The Commission is adopting § 49.21(a) and (b) as proposed. The Commission believes that the substantive requirements of §§ 49.20 and 49.21 (e.g., transparency of governance arrangements, consideration of an independent perspective, policies and procedures on conflicts of interest) appropriately mitigate SDR conflicts of interest, especially in conjunction with (i) non-discrimination requirements regarding access and fees; and (ii) limitations on disclosure and use of non-public information. In addition, § 49.21 simply requires an SDR to have policies and procedures to (i) identify, on an ongoing basis, existing and potential conflicts of interest; and (ii) make decisions in the event of a conflict of interest. Even assuming that the specified requirements resolve all current conflicts of interest, they may not be sufficient to address future conflicts. Thus, the Commission believes that having policies and procedures to resolve future as well as current conflicts is central to compliance with Core Principle 3. With respect to ABC/CIEBA's comment, the Commission believes that if an SD/MSP elects to report transactions at an SDR that it owns or governs, that action may constitute a SD/MSP conflict (presuming that such election does not serve the interests of its swap counterparties), but not an SDR conflict under Core Principle 3. The Commission will consider this comment in connection with its final rulemaking for Swap Data Recordkeeping and Reporting Requirements.[279]

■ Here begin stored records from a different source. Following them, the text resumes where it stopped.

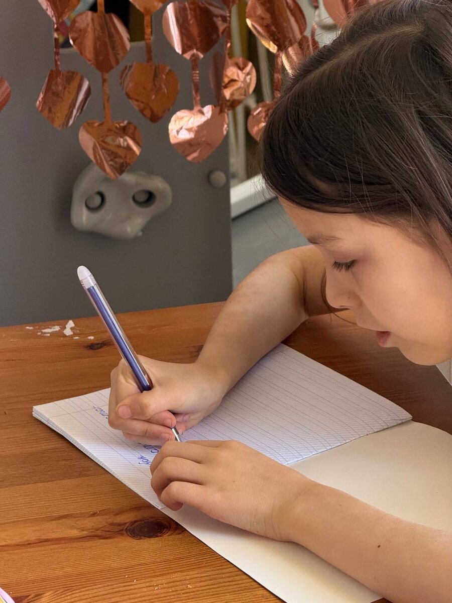 в субботу утром сама принесла книжку, тетрадь и села переписывать сказку
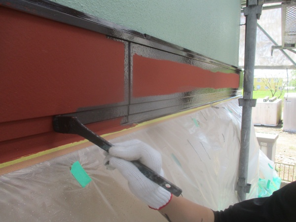 市貝町のコロニアル屋根とリシン吹付外壁の塗装工事が完工しました。 幕板の中塗り中です。 幕板と外壁の取り合いを刷毛で見切り塗装してから、ローラーでは塗料だまりが出来てダレが出るところを、、刷毛で塗装中です。 中心部分はローラーで塗装しました。 ...続きを読む2021/05/25 橿原市で野地板の増し張りが終わり、防水紙を張る作業をします
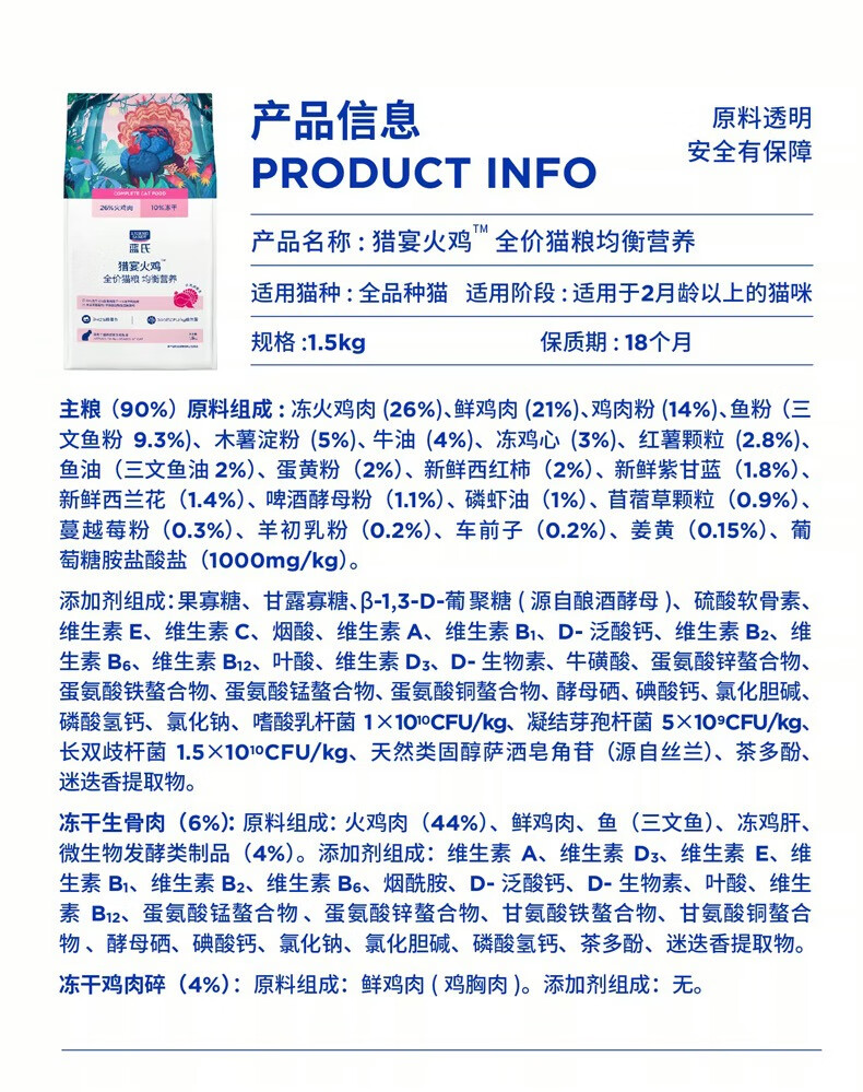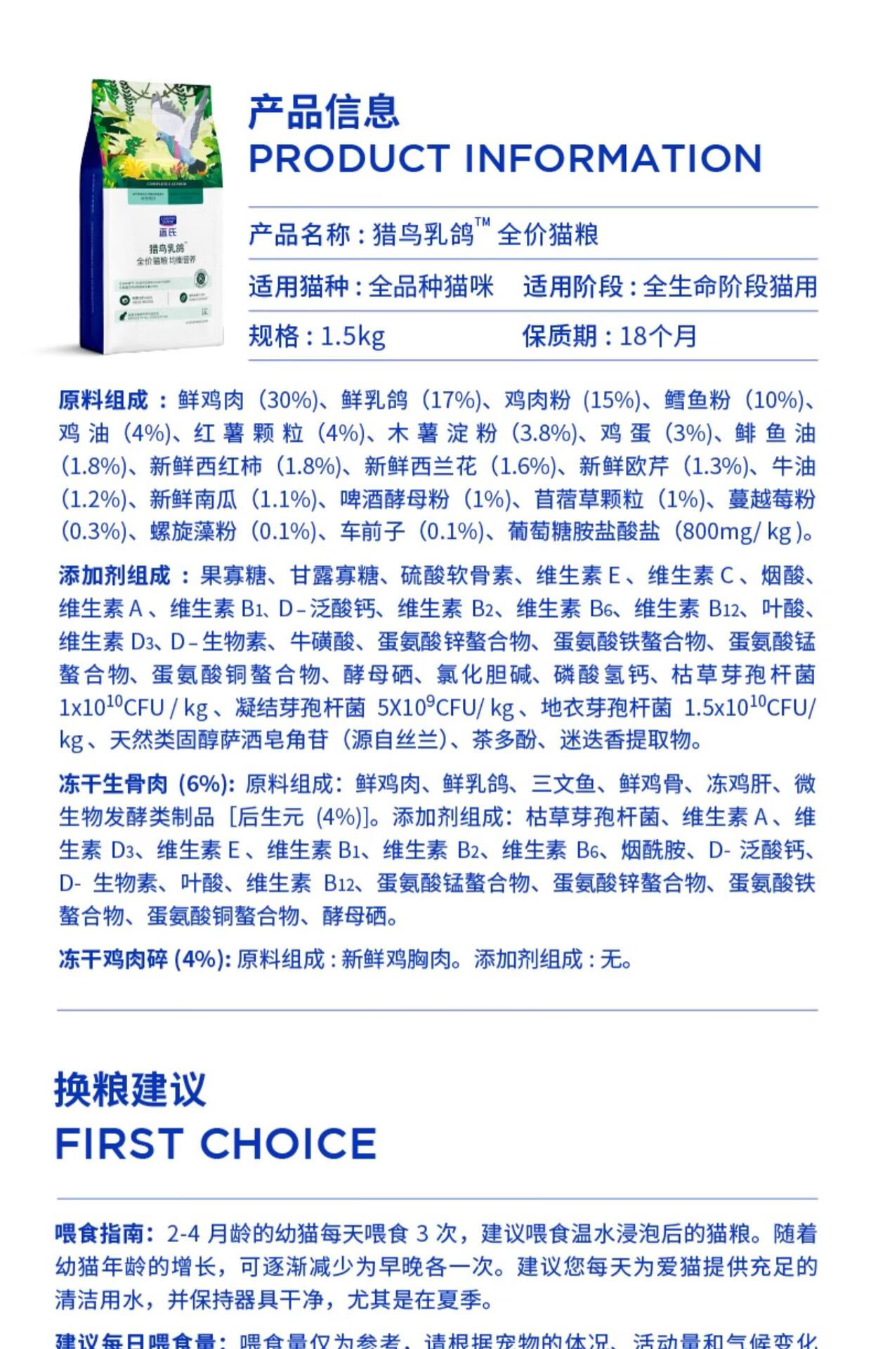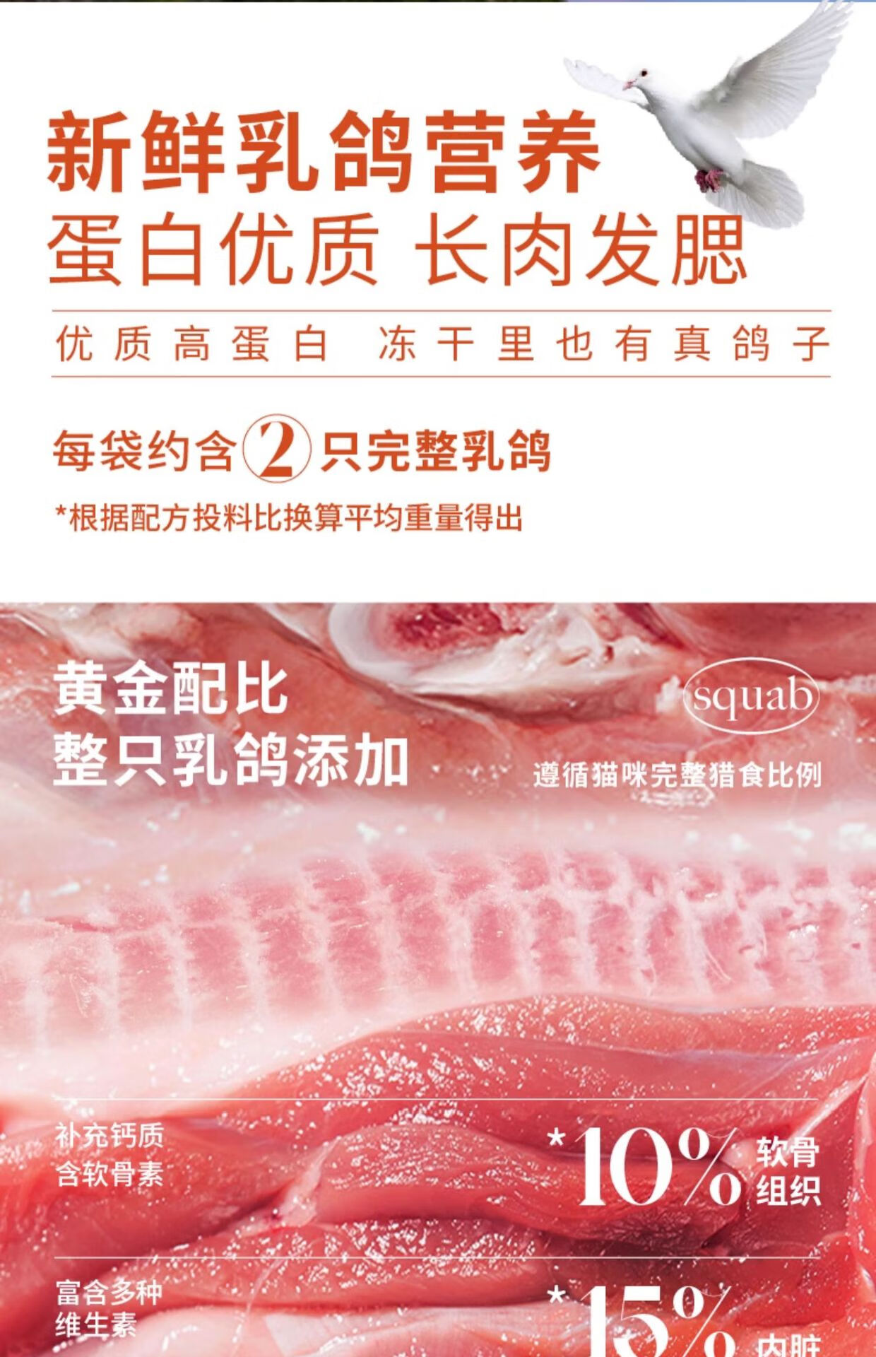 Lang's Lang's Cat Food Hunting Birds and Squabs Wilderness Rabbit Hunting Full Price Freeze-Dried Raw Bone Meat Kittens and Adult Cats Universal Cat Food 1.5kg Hunting Birds and Squabs Special for Kittens 1 Pack

5. Core Principle Compliance

Both proposed § 49.20(d) and § 49.21(c) required the SDR's CCO to review the compliance of the SDR with Core Principles 2 and 3, respectively. The Commission received one comment letter discussing SDR and DCO core principle compliance. CME suggested that a DCO that is also registered as an SDR should be able to achieve compliance with SDR core principles by demonstrating compliance with applicable DCO core principles.[280] The Commission has considered CME's comment and maintains that DCOs which are SDRs are responsible for compliance with the SDR core principles. Should a particular DCO core principle be identical in its requirements to an SDR core principle, compliance with the latter could be demonstrated by showing compliance with the former.[281]

Start Printed Page 54567

E. Additional Duties

In addition to the core principles set forth above in section D, section 21(f)(4) of the CEA authorized the Commission to prescribe additional duties for SDRs for the purpose of minimizing conflicts of interest, protecting data, ensuring compliance and guaranteeing the safety and security of the SDR. In its SDR NPRM, the Commission proposed four additional duties that would require an SDR to (i) adopt and implement system safeguards, including BC-DR plans; (ii) maintain sufficient financial resources; (iii) furnish to market participants a disclosure document setting forth the risks and costs associated with using the services of the SDR; and (iv) provide fair and open access to the SDR and fees that are equitable and non-discriminatory. In connection with final part 49 regulations, the Commission has adopted only three of the four proposed additional duties pursuant to section 21(f)(4). The Commission has determined that the statutory authority for adopting proposed § 49.24 relating to system safeguards is properly and adequately established in section 21(c)(8) of the CEA, and this is not an additional duty imposed under the authority of section 21(f)(4). Accordingly, the Commission believes that it is unnecessary to use its discretion under section 21(f)(4) of the CEA to adopt § 49.24. A description of the three additional duties and related comments are discussed in turn below.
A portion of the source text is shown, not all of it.